In private, the company that manufactures the only monkeypox vaccine approved by the Food and Drug Administration expressed concerns to the Biden administration about the FDA’s plans to dilute a vial’s dose into five doses and change the way the shot is administered.
“Bavarian Nordic...is dedicated to assisting Governments around the globe to control the current monkeypox outbreak and is fully supportive of dose-sparing approaches, such as delaying the second vaccination,” Chaplin wrote. “However, we do have some reservations on the [new injection] approach, due to the very limited safety data available..., the higher [rates of expected adverse reactions] compared to the JYNNEOS standard dose and route..., and the fact that there was a relatively high percentage of subjects...that failed to receive the second vaccination during a controlled clinical study.”
The letter continues, “We have been made aware of some additional analysis of the [intradermal] study data, but essentially this does not change the overall picture that the [intradermal] administration results in increased [adverse reactions] compared to [the current route of administration] and this may have a negative impact on vaccine uptake and coverage.”

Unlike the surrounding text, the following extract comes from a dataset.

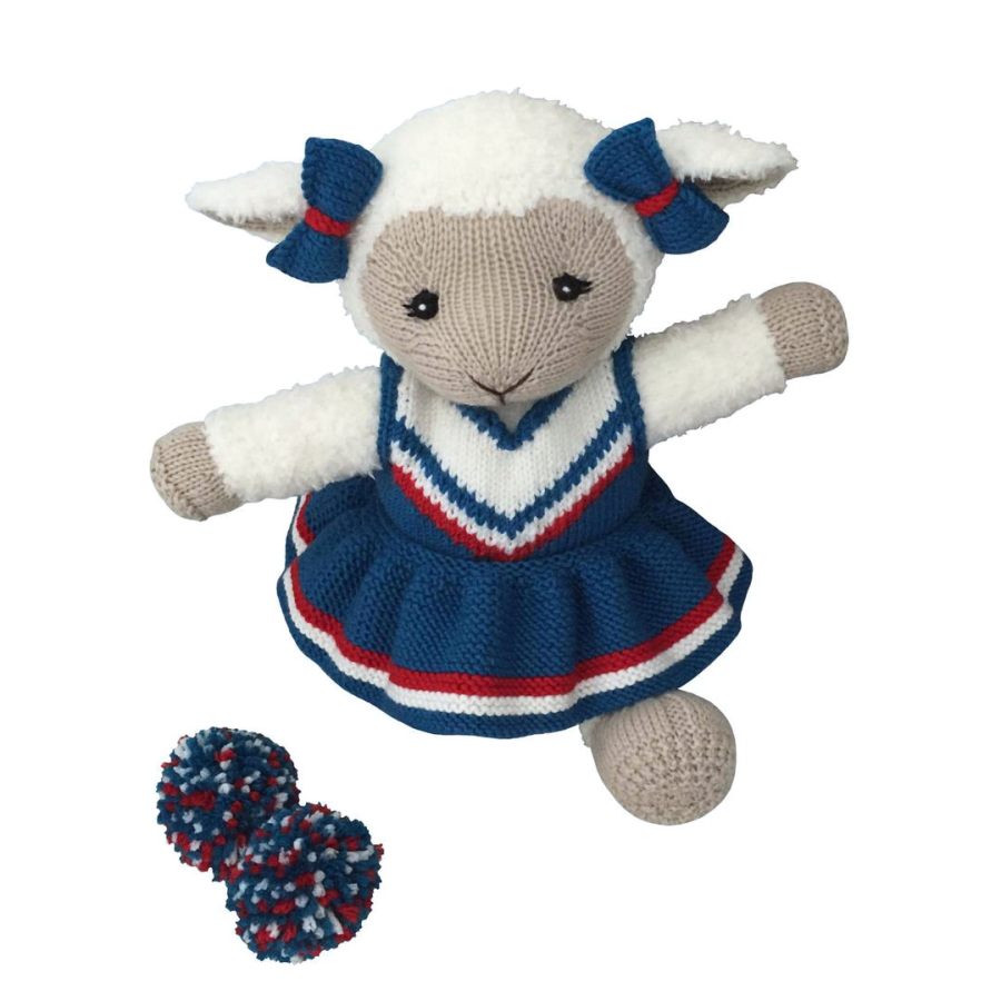 This 11 page pattern has clear row by row instructions and lots of photographs and video tutorials to help you along the way. The pattern includes a top, a skirt, some briefs, cheer shoes, bows and pom poms.
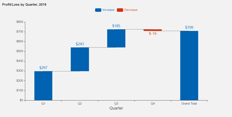 This visualization shows the cumulative result of sequential positive and negative values. Typically, these values are categorical or time-based. This visualization is often used in finance to show how NET values are calculated from a starting value.

For the manufacturer to present valid data concerning its product and untested protocols, Chaplin urges the administration to gather data from the rollout of the government’s new dosage and administration option.
“It is our understanding that it is the United States Government position that there is no time to prepare or conduct such a protocol,” Chaplin writes. “Therefore, as the manufacturer of JYNNEOS, we have already begun discussions with investigators on the feasibility of how to conduct a study to provide more safety information to help govern future vaccination policies.”
Biden administration officials said they were aware of Bavarian Nordic’s concerns, but that they would not change the vaccine strategy, according to the Post.
“We’ve had conversations with them about this, and so has FDA,” Xavier Becerra, the U.S. Secretary of the Department of Health and Human Services, said. “We wouldn’t have moved forward unless we thought it was safe and effective, and if FDA hadn’t dotted its I’s and crossed its T’s.”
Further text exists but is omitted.